In this case, there is no module named string
or anything based on the filename, only a module named M
. So you'd use use M...
or import M...
to get at the code defined in string.chpl
.
(Is string.chpl
a good filename for this code? No. But it also seems innocuous to me, which is why I was curious whether you'd disallow this case—which I think is what a literal reading of your previous comment would suggest).
That's super strange and kind of feels like dishonest code to me 😄, in that if I think that would be frowned upon if we (or other Chapel programmers, I'd hope) happened to see that in the wild.

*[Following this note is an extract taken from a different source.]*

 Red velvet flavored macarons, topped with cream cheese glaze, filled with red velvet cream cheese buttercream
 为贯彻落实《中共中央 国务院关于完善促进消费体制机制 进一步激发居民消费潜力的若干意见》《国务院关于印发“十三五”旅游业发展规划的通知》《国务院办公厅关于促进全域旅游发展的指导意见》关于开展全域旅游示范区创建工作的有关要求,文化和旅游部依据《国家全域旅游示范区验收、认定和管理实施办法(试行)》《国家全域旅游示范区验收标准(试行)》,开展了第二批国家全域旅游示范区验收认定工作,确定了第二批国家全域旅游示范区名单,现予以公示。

How does the compiler know to go search string.chpl
for M
if it doesn't happen to be listed on the original command line invocation?
I get the whole attitude about not wanting to impose too much structure on filenames, but I think we already impose some structure (e.g., we require a .chpl
extension). Additionally I think we expect any useable module to be a valid Chapel identifier, and once we're at that stage I think it's not too strange to expect that the identifier conform to the same rules that other symbol names conform ot
I don't know whether you've noticed, but so far you've completely dodged answering my question. :) (and I didn't mean it rhetorically).

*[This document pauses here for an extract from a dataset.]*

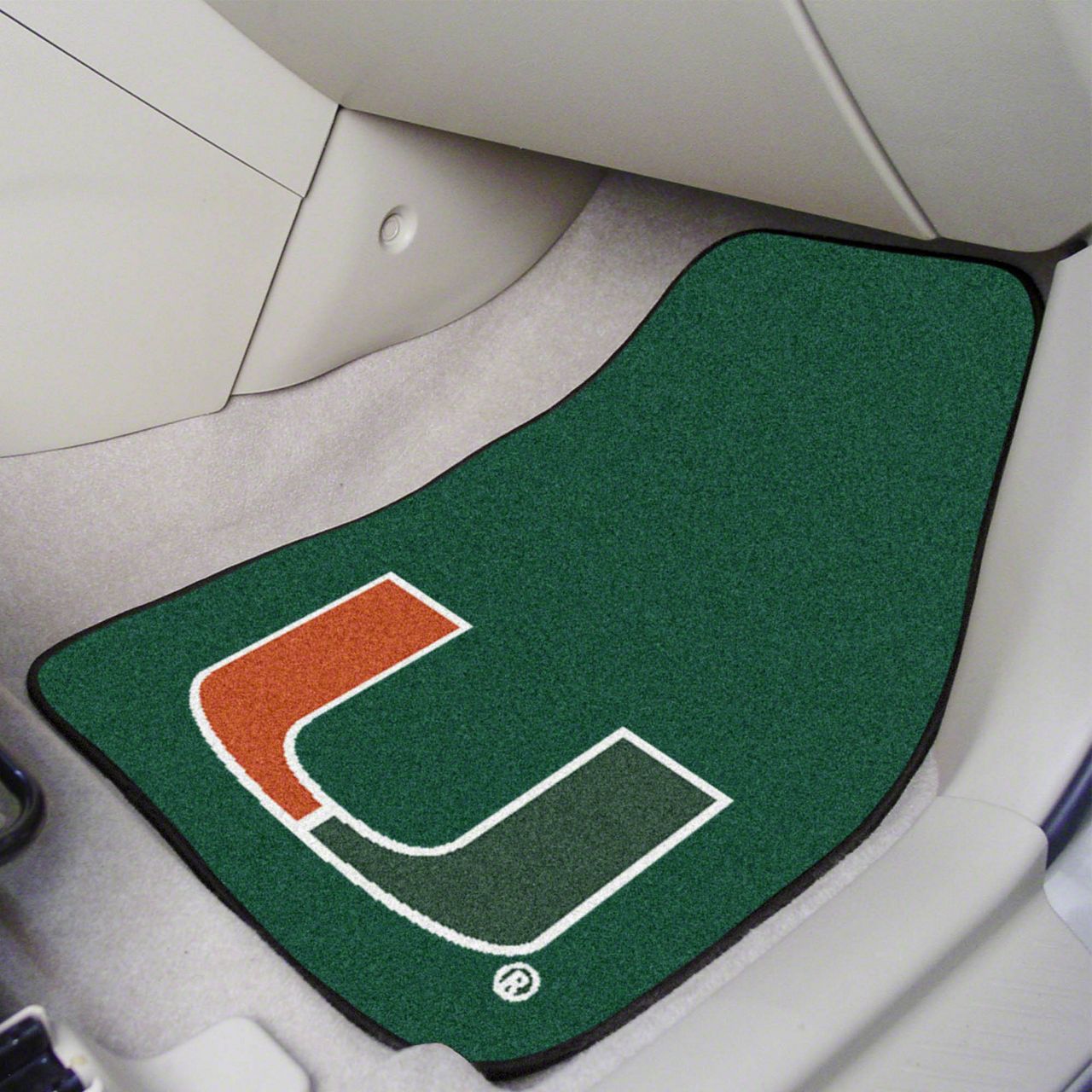 Description. Front Car Mats; 2-Pc Carpet Car Mat Set; University Of Miami; 17"X27"

That's super strange and kind of feels like dishonest code to me 😄, in that if I think that would be frowned upon if we (or other Chapel programmers, I'd hope) happened to see that in the wild.
Well, sure but there are more benign forms as well that seem way less sketchy. Say I've got M.chpl
that contains module M { ... }
and then I find a bug so I make a clone of it called M-bug.chpl
or I want to have multiple versions of it, so I create one called M-0.1.chpl
, M-0.2.chpl
, M-working.chpl
etc. These are obviously less strange than a file named string
containing a module named M
, but illustrate reasons why a filename may not describe the module it defines precisely, and why it would be annoying if it had to do so, or had to be a legal identifier.
How does the compiler know to go search string.chpl for M if it doesn't happen to be listed on the original command line invocation?
It wouldn't, and you're right that this would need to be specified on the chpl
command-line in order to be usable/useful (though at times it has been proposed at times that the compiler should be smarter than it currently is in terms of searching for modules—so that, for example, in my M-*.chpl
examples above, if only one of the files were in the search path, it could resolve it as defining M
despite not being named M.chpl
; but that's sometimes controversial, so let's ignore it for this conversation).
Additionally I think we expect any useable module to be a valid Chapel identifier...
Well yes, but we don't preclude people from using filenames that are not valid Chapel identifiers (so, emphasis on 'useable' in your phrase above), where a common use case is for a main module or single-file test. I.e., if I put writeln("Hello, David!");
into a file named hello-david.chpl
, I can't refer to the module by name (since the hyphen is a subtraction in Chapel), but I'm also not precluded from defining it (which I think is definitely a good thing... imagine all the hyphen-using test filenames we'd need to rename otherwise). I view this issue as arguably requesting the same thing ("So I happened to name my main module the same thing as a reserved word without realizing it... why are you holding that against me?").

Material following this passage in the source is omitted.